**This notebook scrapes data from CDC data called "Pregnancy-Related Deaths: Data From Maternal Mortality Review Committees in 36 U.S. States, 2017–2019". Link: https://www.cdc.gov/maternal-mortality/php/data-research/mmrc-2017-2019.html#cdc_research_or_data_summary_explore_more-data-sources-and-methods** The purpose of this notebook is to access data on maternal mortality with breakdown on causes and other important characteristics. The data will be used for the masters project on maternal mortality in the US. 

In [1]:
import requests
from bs4 import BeautifulSoup
import pandas as pd

# Step 1: Request the page
url = 'https://www.cdc.gov/maternal-mortality/php/data-research/mmrc-2017-2019.html#cdc_research_or_data_summary_explore_more-data-sources-and-methods'
response = requests.get(url)
soup = BeautifulSoup(response.content, 'html.parser')

# Step 2: Find the div that contains raw HTML
raw_html_div = soup.find('div', class_='dfe-block dfe-block--cdcmodule cdc_raw_html')

# Step 3: Extract the raw HTML inside the div
# If raw_html_div contains embedded HTML as a string, parse it again
inner_html = BeautifulSoup(raw_html_div.decode_contents(), 'html.parser')

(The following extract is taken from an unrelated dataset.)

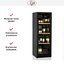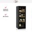Отдельностоящий винный шкаф IP JGL 166-6 AD CF выполнен в классическом черном цвете и отлично впишется в любой стиль. Прибор разделен на две температурные зоны — в верхней можно установить от +5 до + 10 градусов, а в нижней от + 10 до +18. Внутри расположены четыре деревянные полки, этот материал считается самым подходящим для подобным устройств. Вместимость составляет 154 бутылки типа бордо по 0.75 л, вы можете хранить напитки, требующие разных условий.

# Step 4: Now find the table inside the inner HTML
table = inner_html.find('table')  # Should work if the table is present in the raw HTML

# Step 5: Extract rows and convert to DataFrame
rows = table.find_all('tr')
data = []
for row in rows:
    cells = row.find_all(['td', 'th'])
    data.append([cell.get_text(strip=True) for cell in cells])

df = pd.DataFrame(data)
df.columns = df.iloc[0]  # Set first row as header
df = df.drop(0).reset_index(drop=True)

# Step 6: Display the table
df.head()


Unnamed: 0,Unnamed: 1,"Number of pregnancy-related deaths (N = 1,018)",%
0,Race and ethnicity,,
1,Hispanic,144.0,14.4
2,non-Hispanic American Indian or Alaska Native,9.0,0.9
3,non-Hispanic Asian,34.0,3.4
4,non-Hispanic Black,315.0,31.4


In [2]:
# Step 1: Get the page
url = 'https://www.cdc.gov/maternal-mortality/php/data-research/mmrc-2017-2019.html#cdc_research_or_data_summary_explore_more-data-sources-and-methods'
response = requests.get(url)
soup = BeautifulSoup(response.content, 'html.parser')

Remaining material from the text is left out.